In others, targeting may transform a small profit into a much
larger one. In a few cases, notably ones where Pr(A) is already
rather high and where there is little variation in probability of
purchase from individual to individual, targeting can itself result
in a loss--the marginal gains can be smaller than the increased
costs.
[0107] Model performance is crucial to the profitability of any
such campaign. Knowledge, especially knowledge of quantities such
as Pr(A), is necessary to even do the preliminary cost-benefit
analysis that determines the baseline from which model-driven or
randomly driven sales acquisition can proceed. Unfortunately, it is
all too often the case that little or no data is available at the
start of a campaign to permit rational management decisions to be
made to optimize profits.
[0108] The very first application of the ACE is that it can provide
a rough estimate of Pr(A) as a Bayesian prior from the PII-stripped
forward map. "Rough" because the two populations involved may not
be precisely the same and because the forward map may admix a
certain number of offer-driven sales from earlier campaigns by this
company or its competitors, so it may interpolate Pr(A) and Po(A)
for example. Still, this is often enough to establish a rational
baseline of marginal profit expectations that can be further
modified by experience gained during the actual campaign(s).
[0109] As an illustration, assume that a company decides to proceed
with targeted, incentivized campaigns, to be conducted serially for
A this month, for B next month, and for C the third month.
Initially they have no data connecting individuals with their
probability to purchase any one of these products, but the products
are all represented in distinct transactional categories in the
PII-protected transactional database so that credible estimates for
e.g. P(A), P(B), P(B|A), P(B|A), P(A&B) and so on are
available, formed by the ACE 704. A model P(B|A)*M(A|d) 705 may be
generated from the model 701 for product A and the P(B|A) for the
ACE 704.
[0110] As an illustration, assume that a company decides to proceed
with targeted, incentivized campaigns, to be conducted serially for
A this month, for B next month, and for C the third month.

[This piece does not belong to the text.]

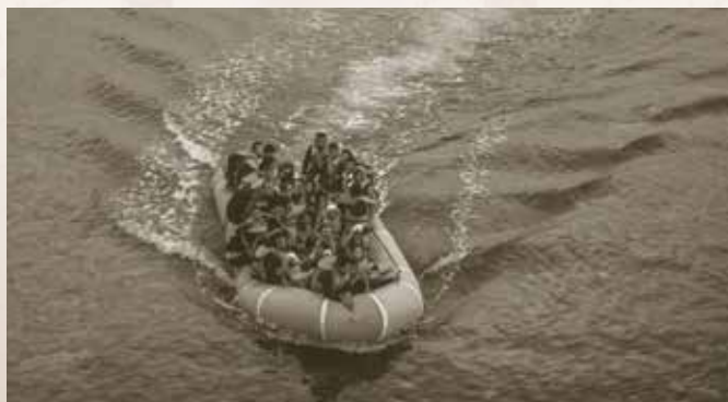
Refugiados llegando a la costa de Lesbos.

En el año 2000 la Asamblea General de las Naciones Unidas decidió que, con motivo del 50º aniversario de la Convención, a partir del año 2001 debía recordarse a las personas refugiadas con la ce-

Initially they have no data connecting individuals with their
probability to purchase any one of these products, but the products
are all represented in distinct transactional categories in the
PII-protected transactional database so that credible estimates for
e.g. P(A), P(B), P(B|A), P(B|A), P(A&B) and so on are
available, formed by the ACE 704. A model P(B|A)*M(A|d) 705. may be
generated from the model 1001 for product A and the P(B|A) for the
ACE 704. This is a model for B that should have positive predictive
value compared to random chance that is built without any direct B
sales data.
[0111] Lacking any information connecting A to any particular
customer demographic, random addresses in the targeted area are
selected from lists compiled by a vendor that provides a relatively
"rich" set of demographic descriptors associated with each address.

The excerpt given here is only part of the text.